* [TASK]: Could you restate word for word only the lines below from the one holding "Под ред. И." to the one holding "You can navigate", inclusive, and leave out the pictures?

* [GIVEN INFORMATION]:
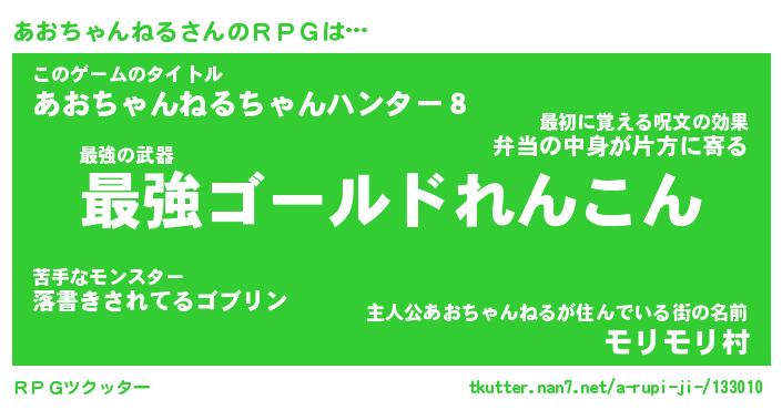 | 男性向けラノベタイトル風あだ名 | 『アオチャンネルアートオンライン』 |
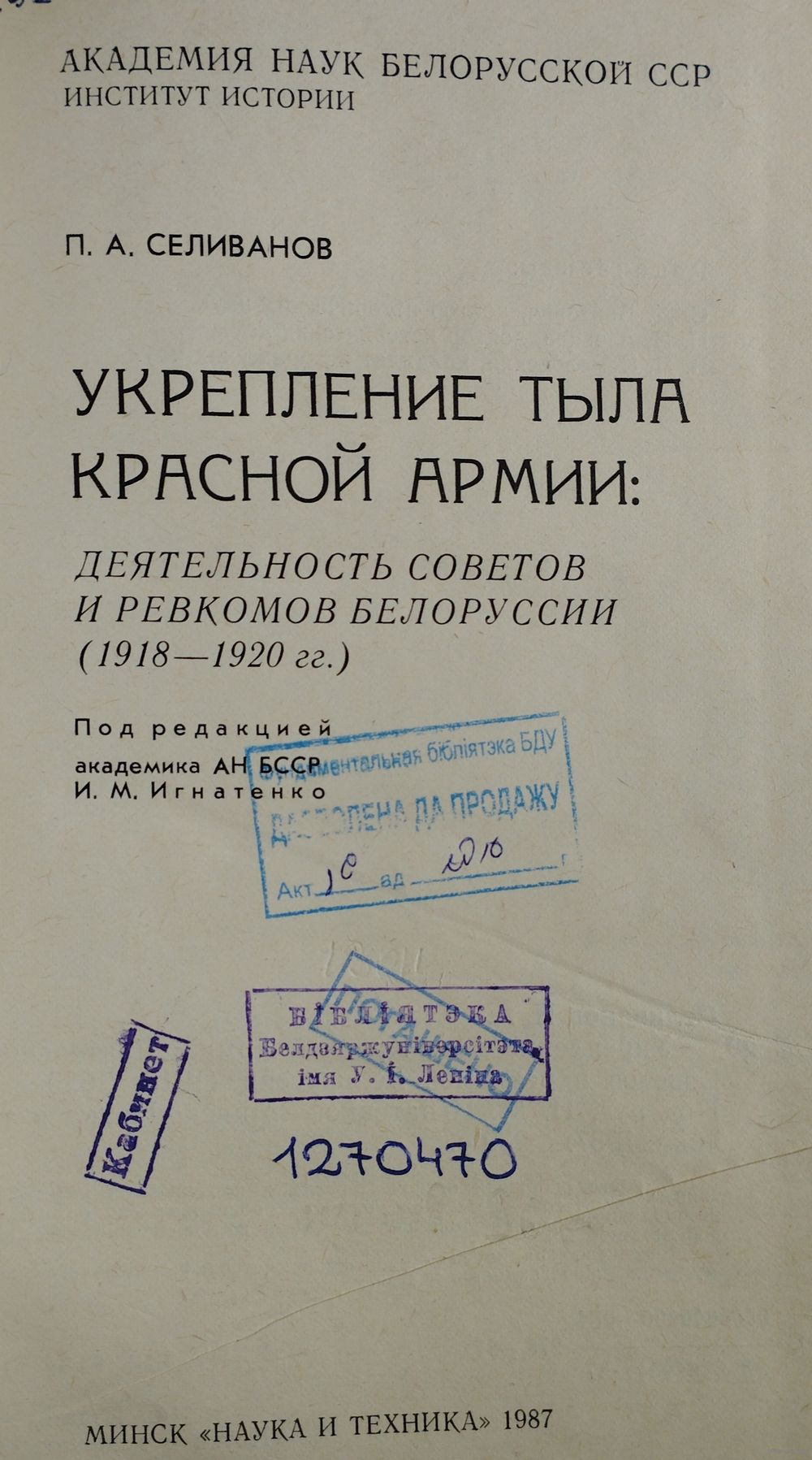 Под ред. И. М. Игнатенко ; АН БССР, Институт истории. Тираж 1000 экз. 240 стр. Тыл Вооруженных Сил - совокупность сил и средств, предназначенных для тылового и по службам тыла технического обеспечения войск (сил) в мирное и военное время. Является важной составной частью Вооруженных Сил, связывающей их с экономическим комплексом страны и во многом определяющей боевую готовность и боевую способность Вооруженных Сил. Несмотря на то, что интерес к истории боевых действий в традиционном понимании несколько снизился, военная история продолжает изучаться в контексте истории политической. Исследуются, в частности, процессы организационного оформления Красной Армии, роль Генерального штаба и особой группы «военспецов» в Гражданской войне.
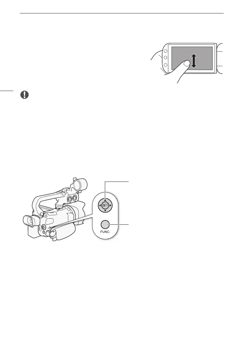 You can navigate some of the camcorder’s menus and screens using the FUNC. button and joystick
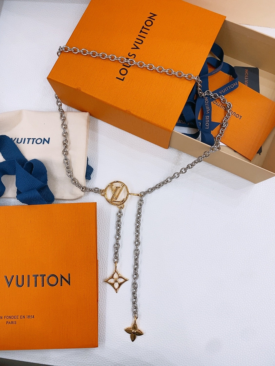 Elevate your style with the Louis Vuitton Floral Chain Belt, a limited-edition accessory that beautifully blends sophistication and femininity. Adorned with iconic LV letters and Monogram flowers, the intricate metal chain link is enhanced by a stunning round Monogram flower detail at the end. Perfect for adding a touch of elegance to jackets, dresses, or jeans, this adjustable belt allows you to find the ideal fit effortlessly. With a total length of 105cm, this exquisite piece is a must-have for fashion-forward individuals. Embrace luxury and make a statement with the Louis Vuitton Floral Chain Belt.

* [RESPONSE TO THIS TASK]:
 Под ред. И. М. Игнатенко ; АН БССР, Институт истории. Тираж 1000 экз. 240 стр. Тыл Вооруженных Сил - совокупность сил и средств, предназначенных для тылового и по службам тыла технического обеспечения войск (сил) в мирное и военное время. Является важной составной частью Вооруженных Сил, связывающей их с экономическим комплексом страны и во многом определяющей боевую готовность и боевую способность Вооруженных Сил. Несмотря на то, что интерес к истории боевых действий в традиционном понимании несколько снизился, военная история продолжает изучаться в контексте истории политической. Исследуются, в частности, процессы организационного оформления Красной Армии, роль Генерального штаба и особой группы «военспецов» в Гражданской войне.
 You can navigate some of the camcorder’s menus and screens using the FUNC. button and joystick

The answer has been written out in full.